Uma terceira recomendação para as indústrias químicas e petroquímicas é se evitar as emissões para a atmosfera provenientes da queima em flare. A Cetesb considera melhor prática usar essa técnica apenas por motivos de segurança ou em condições operacionais que não sejam de rotina, por exemplo em partidas e paradas de unidades produtivas, e mesmo assim apenas seguindo requisitos de monitoramento de vazão, temperatura e concentração de gases, além de criteriosa avaliação da capacidade instalada do flare.

Dos carros – Pelo lado da poluição de fontes móveis, mais grave por atingir justamente as regiões de população adensada, a preocupação da Cetesb é a de que, mesmo com os programas federais que obrigam veículos e motocicletas a adotarem de forma gradativa tecnologias mais rigorosas de controle de emissões, o aumento da frota e os maiores congestionamentos acabem diminuindo esses avanços. O Programa de Controle de Controle da Poluição do Ar por Veículos Automotores (Proconve) e o similar para motos, o Promot, estabelecem limites de emissão de poluentes desde a década de 80 e renovam sempre as exigências.

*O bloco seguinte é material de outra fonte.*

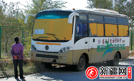 9月15日上午,记者在新疆乌鲁木齐市维斯特世纪花园小区二期33号楼旁见到了这辆奇怪的流动图书车。车身长约6米,印有“西部流动图书车”字样,车窗用黄色胶纸密封着,前挡风玻璃处贴着一个牌子,上边标有“内有大型犬,请勿惊吓,后果自负”。记者透过车门缝见到,车内有一只萨摩耶犬和一只苏格兰牧羊犬,身长均在1米左右,每当两只狗在车内嬉闹时,车身都会轻微晃动,虽然门窗紧闭,但依然有一股异味扑鼻而来。
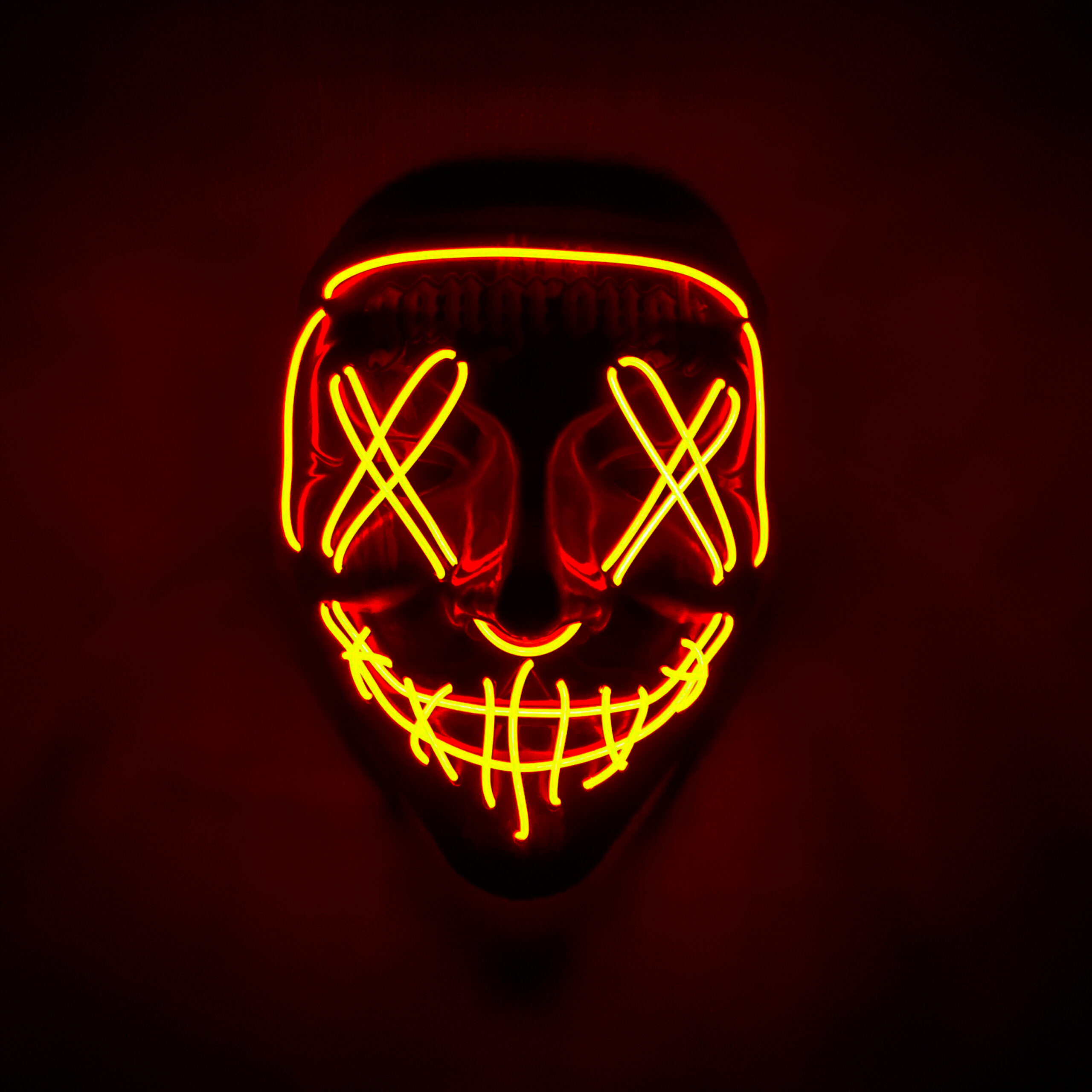 LED маска със светлоотразителен лого стикер – за нощни партита и фестивали.

Química e Derivados - Aumento da frota de veículos piora a qualidade do ar nas cidades ©QD Foto: iStockPhoto
Aumento da frota de veículos piora a qualidade do ar nas cidades

Mesmo com esses receios, a expectativa futura do órgão ambiental é positiva, tendo em vista o uso crescente de combustíveis fósseis mais eficientes e biocombustíveis e os novos limites de emissão mais restritivos para as frotas de veículos novos e pesados a partir de 2022.

Para controlar o ozônio na região metropolitana de São Paulo, a Cetesb indica a necessidade de mais atenção com os compostos orgânicos voláteis (COVs) e óxidos de nitrogênio (NOx ), precursores principais da formação do poluente, e alerta que novas fases do Proconve vão incluir mais restrições para as emissões de NOx e COVs.

O agravante da poluição provocada pelos processos fotoquímicos, aliás, vai além do ozônio, já que eles geram também outros oxidantes que formam aerossóis secundários, capazes de entrar profundamente no sistema respiratório. A preocupação crescente com os poluentes atmosféricos fizeram até, em nível nacional, o Conselho Nacional do Meio Ambiente (Conama) rever a Resolução 003/1990, com a Conama 491/2018, na qual houve redução significativa dos parâmetros de qualidade do ar, o que deve levar a impactos na regulação de emissões atmosféricas a médio prazo, na avaliação do coordenador da Abiquim, Mauro Machado Júnior.